**Work instructions**. Return the data word for word. Pictures are to be omitted.

• • • •

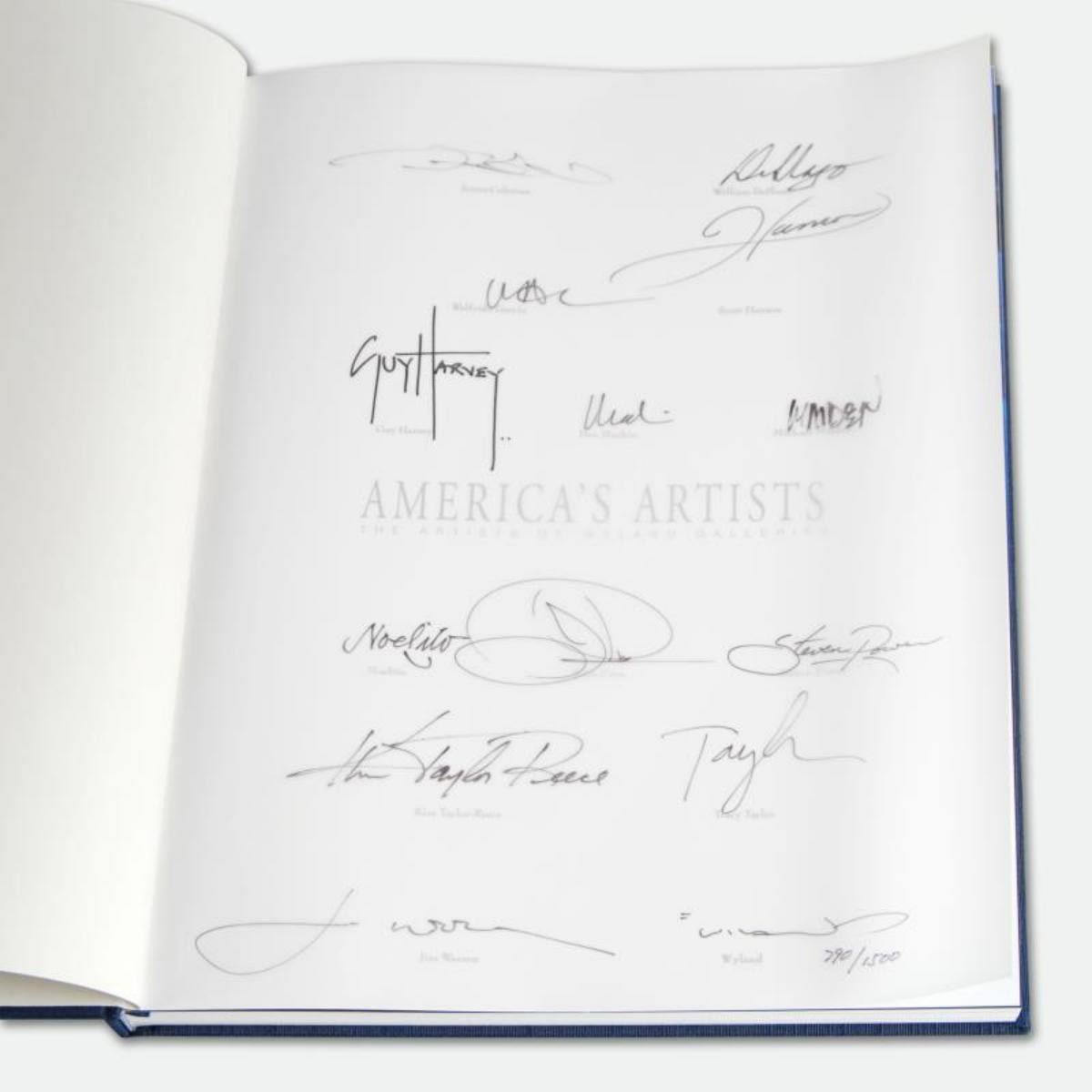 Wyland's exquisite and colorful paintings are expressive, emotive and world-famous. "America's Artists: The Artists of Wyland Galleries" (2004) is a deluxe limited edition Collector's Fine Art hardcover book with text by Wyland featuring the work of 13 of his esteemed artists! Numbering 160 pages with full color text and images, this book is hand signed by (in alphabetical order): James Coleman, William DeShazo, Walfrido Garcia, Scott Hanson, Guy Harvey, Dan Mackin, Michael Maiden, Noelito, John Pitre, Steven Power, Kim Taylor-Reece, Tracy Taylor, Jim Warren, and of course, Wyland. Comes in a special Collector's Gift Box and includes a Limited Edition Lithograph of Wyland's "Ocean Passion" measuring approx. 8" x 11" (with border); 7.5" x 10" (image), numbered and hand signed by Wyland. This book is numbered out of only 1500, and features a vellum front page that is numbered, and hand signed by Wyland and all of his artists! Includes Certificate of Authenticity. Measures approx. 10" (width) x 13" (height) x 1/2" (thick). Reference #: 190394.
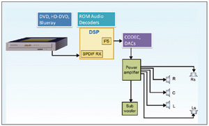 AVR/家庭影院係統——家庭影院音樂係統通常是多聲道音頻係統(見圖6)。Dolby5.1和DTS5.1是主流多聲道音頻係統。DVD播放器通過光纖或同軸電纜S/PDIF接口發送編碼音頻數據流。係統利用S/PDIF接收器芯片解碼雙相標記編碼數據,並提供與處理器相連的串行幀接口。S/PDIF接收芯片通常向處理器提供I2S格式的數據流。某些處理器片內集成S/PDIF接收器,無須使用外部接收器芯片。處理器運行自動檢測算法來確定數據流類型,如Dolby、DTS或非編碼PCM音頻流等。
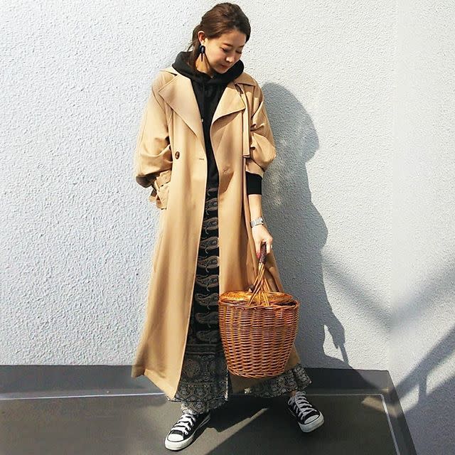 こちらは、トレンチコートとロングスカートを合わせたレディなスタイリング。そこにあえて黒パーカーをプラスすることでカジュアルな外しをON。きれいめアウターとも難なく合わせやすい黒パーカーだからこそ、こういったミックススタイルも簡単に楽しむことができますよ。
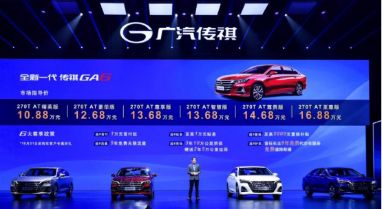 8月23日,全新一代傳祺GA6在成都正式上市。全新一代傳祺GA6帶來了6個(gè)版本,提供赤焰紅、冰海藍(lán)、珠光白、鈦金色、典雅黑、星光銀等6種顏色,售價(jià)為10.88萬元-16.88萬元,另有6大尊享政策:凡在10月31日前購(gòu)買新車,可享受1萬元起首付、至高1萬元貼息、至高5000元置換補(bǔ)貼、5年免費(fèi)無限流量,以及3年10萬公里質(zhì)保+贈(zèng)送2年5萬公里延保,首任車主還享受8年免費(fèi)代步車服務(wù)+免費(fèi)道路救援。
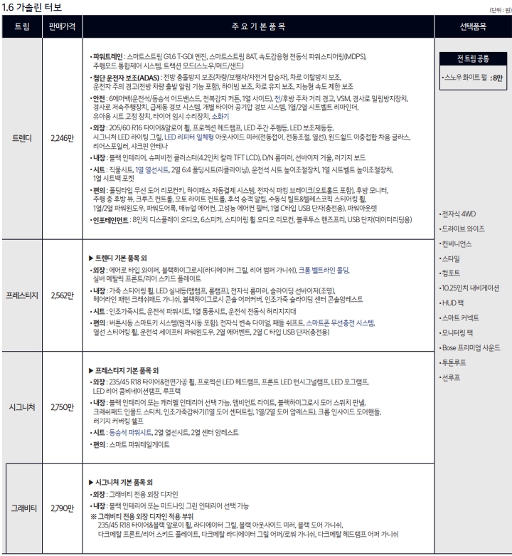 1.6터보 모델은 2246만원부터 시작합니다. 개인적으로는 프레스티지트림보다는 편의사양이 대폭 올라간 시그니처 모델을 추천드립니다. 거기에 내비게이션과 모니터링, 드라이브와이즈정도만 추가하면 가성비로 좋아보이네요.
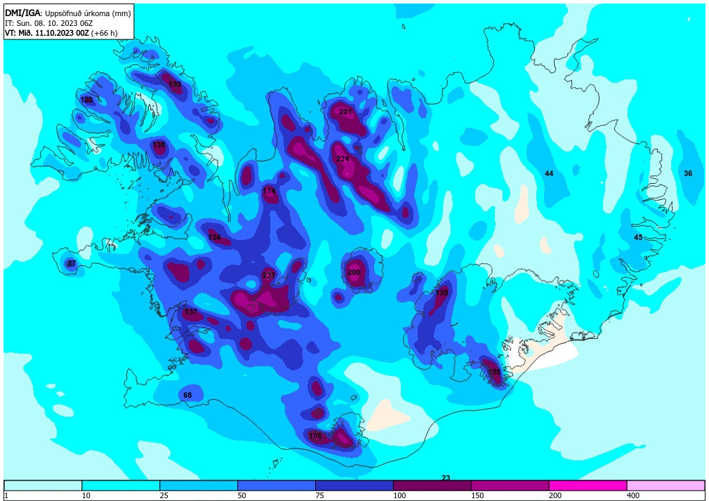 Samkvæmt veðurspá verður uppsöfnuð úrkoman mest á Norðurlandi og Vesturlandi fram á miðnætti á mánudag. Veðurspá gerir ráð fyrir 3-9° hita á láglendi og því gæti slyddað efst í fjallstoppa. Spáin gerir svo ráð fyrir því að það farni að kólni og að hiti verði nálægt frostmarki víða á láglendi.
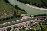 Vue aérienne de l'écluse de la confluence de la Garonne et du Lot à Nicole en Lot-et-Garonne
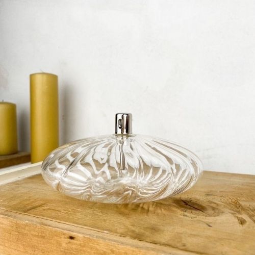 Lampe à Huile - Ellipse en verre striée transparente
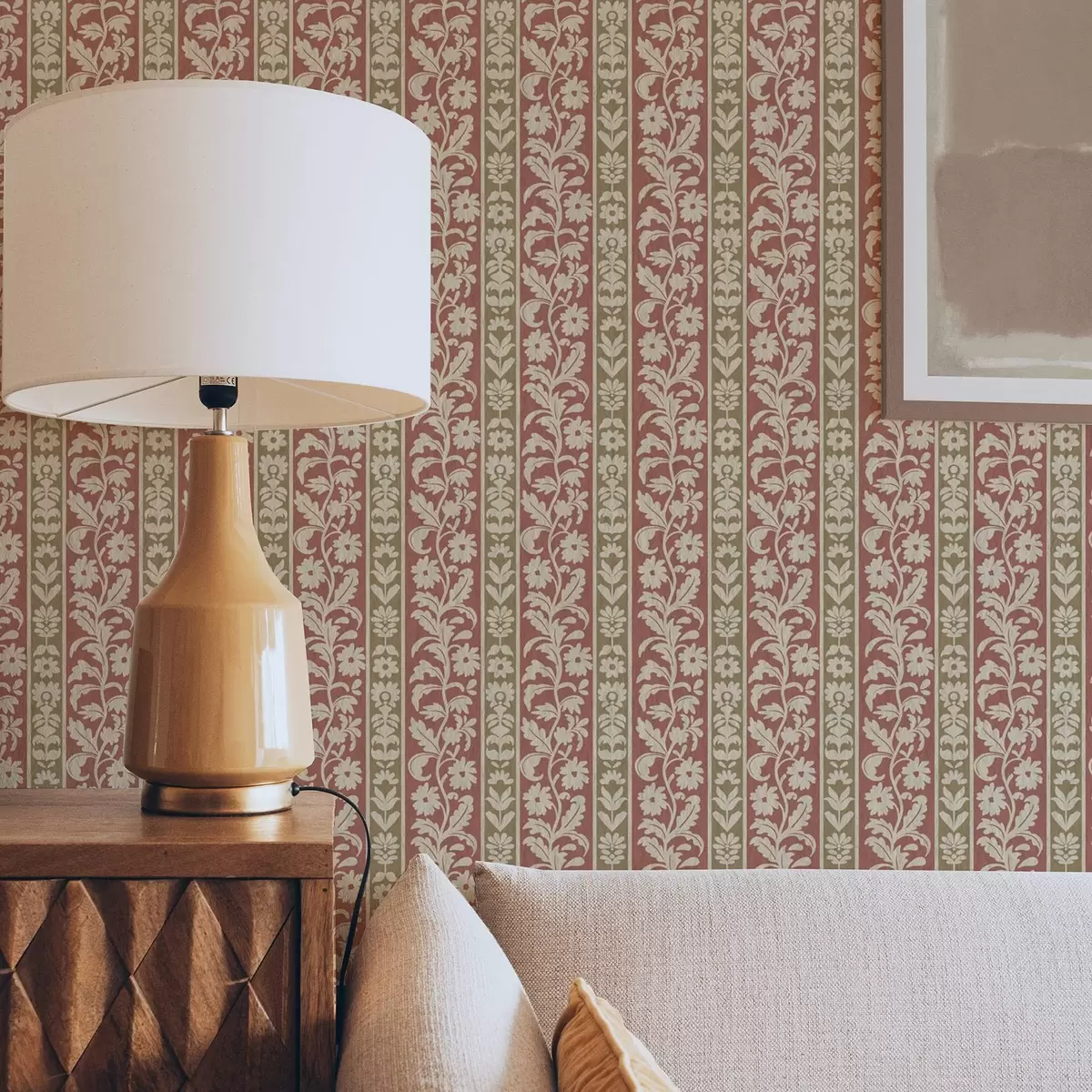 Wallpapers Retro vertical stripes with floral pattern Nr. a00362

• • • •

**Response to the task**.
 Wyland's exquisite and colorful paintings are expressive, emotive and world-famous. "America's Artists: The Artists of Wyland Galleries" (2004) is a deluxe limited edition Collector's Fine Art hardcover book with text by Wyland featuring the work of 13 of his esteemed artists! Numbering 160 pages with full color text and images, this book is hand signed by (in alphabetical order): James Coleman, William DeShazo, Walfrido Garcia, Scott Hanson, Guy Harvey, Dan Mackin, Michael Maiden, Noelito, John Pitre, Steven Power, Kim Taylor-Reece, Tracy Taylor, Jim Warren, and of course, Wyland. Comes in a special Collector's Gift Box and includes a Limited Edition Lithograph of Wyland's "Ocean Passion" measuring approx. 8" x 11" (with border); 7.5" x 10" (image), numbered and hand signed by Wyland. This book is numbered out of only 1500, and features a vellum front page that is numbered, and hand signed by Wyland and all of his artists! Includes Certificate of Authenticity. Measures approx. 10" (width) x 13" (height) x 1/2" (thick). Reference #: 190394.
 AVR/家庭影院係統——家庭影院音樂係統通常是多聲道音頻係統(見圖6)。Dolby5.1和DTS5.1是主流多聲道音頻係統。DVD播放器通過光纖或同軸電纜S/PDIF接口發送編碼音頻數據流。係統利用S/PDIF接收器芯片解碼雙相標記編碼數據,並提供與處理器相連的串行幀接口。S/PDIF接收芯片通常向處理器提供I2S格式的數據流。某些處理器片內集成S/PDIF接收器,無須使用外部接收器芯片。處理器運行自動檢測算法來確定數據流類型,如Dolby、DTS或非編碼PCM音頻流等。
 こちらは、トレンチコートとロングスカートを合わせたレディなスタイリング。そこにあえて黒パーカーをプラスすることでカジュアルな外しをON。きれいめアウターとも難なく合わせやすい黒パーカーだからこそ、こういったミックススタイルも簡単に楽しむことができますよ。
 8月23日,全新一代傳祺GA6在成都正式上市。全新一代傳祺GA6帶來了6個(gè)版本,提供赤焰紅、冰海藍(lán)、珠光白、鈦金色、典雅黑、星光銀等6種顏色,售價(jià)為10.88萬元-16.88萬元,另有6大尊享政策:凡在10月31日前購(gòu)買新車,可享受1萬元起首付、至高1萬元貼息、至高5000元置換補(bǔ)貼、5年免費(fèi)無限流量,以及3年10萬公里質(zhì)保+贈(zèng)送2年5萬公里延保,首任車主還享受8年免費(fèi)代步車服務(wù)+免費(fèi)道路救援。
 1.6터보 모델은 2246만원부터 시작합니다. 개인적으로는 프레스티지트림보다는 편의사양이 대폭 올라간 시그니처 모델을 추천드립니다. 거기에 내비게이션과 모니터링, 드라이브와이즈정도만 추가하면 가성비로 좋아보이네요.
 Samkvæmt veðurspá verður uppsöfnuð úrkoman mest á Norðurlandi og Vesturlandi fram á miðnætti á mánudag. Veðurspá gerir ráð fyrir 3-9° hita á láglendi og því gæti slyddað efst í fjallstoppa. Spáin gerir svo ráð fyrir því að það farni að kólni og að hiti verði nálægt frostmarki víða á láglendi.
 Vue aérienne de l'écluse de la confluence de la Garonne et du Lot à Nicole en Lot-et-Garonne
 Lampe à Huile - Ellipse en verre striée transparente
 Wallpapers Retro vertical stripes with floral pattern Nr. a00362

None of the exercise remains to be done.